In 1815 Trevithick took out a farther patent, embodying several important applications of steam-power. One of these consisted in "causing steam of a high pressure to spout out against the atmosphere, and by its recoiling force to produce motion in a direction contrary to the issuing steam, similar to the motion produced in a rocket, or to the recoil of a gun." This was, however, but a revival of the ancient Œolipile described by Hero, and known as "Hero's engine."
In another part of his specification Trevithick described the screw-propeller as "a screw or a number of leaves placed obliquely round an axis similar to the vanes of a smoke-jack, which shall be made to revolve with great speed in a line with the required motion of the ship, or parallel to the same line of motion." In a second part of the specification, he described a plunger or pole-engine in which the steam worked at high-pressure. The first engine of this kind was erected by Trevithick at Herland in 1815, but the result was not equal to his expectations, though the principle was afterward successfully applied by Mr. William Sims, who purchased the patent-right.
In this specification Trevithick also described a tubular boiler of a new construction for the purpose of more rapidly producing high-pressure steam, the heating surface being extended by constructing the boiler of a number of small perpendicular tubes, closed at the bottom, but all opening at the top into a common reservoir, from whence they received their water, and into which the steam of all the tubes was united.

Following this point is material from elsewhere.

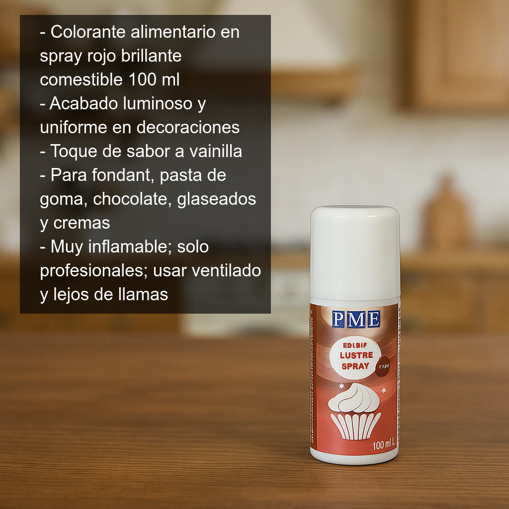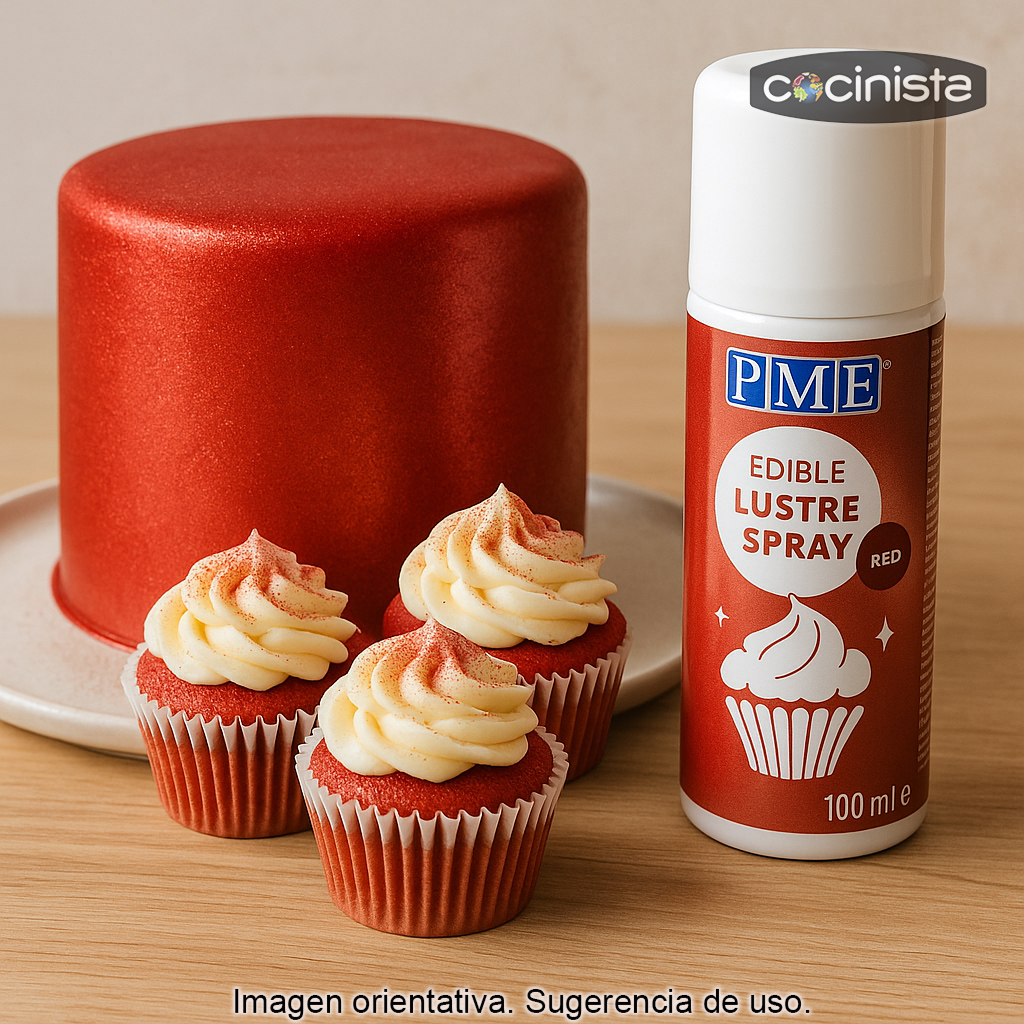 Colorante alimentario en spray comestible brillante de color rojo (100 ml), ideal para dar un acabado luminoso y uniforme a tus decoraciones de repostería. Este spray permite colorear de forma rápida y limpia superficies ya terminadas, aportando un efecto brillo y un agradable toque de sabor a vainilla.

While Trevithick was engaged in these ingenious projects, an event occurred which, though it promised to issue in the most splendid results, proved the greatest misfortune of his life. We refer to his adventures in connection with the gold mines of Peru. Many of the richest of them had been drowned out, the pumping machinery of the country being incapable of clearing them of water. The districts in which they were situated were almost inaccessible to ordinary traffic, all transport being conducted on the backs of men or of mules. The parts of an ordinary condensing engine were too ponderous to be carried up these mountain heights, and it was evident that, unless some lighter sort of engine could be employed, the mines in question must be abandoned.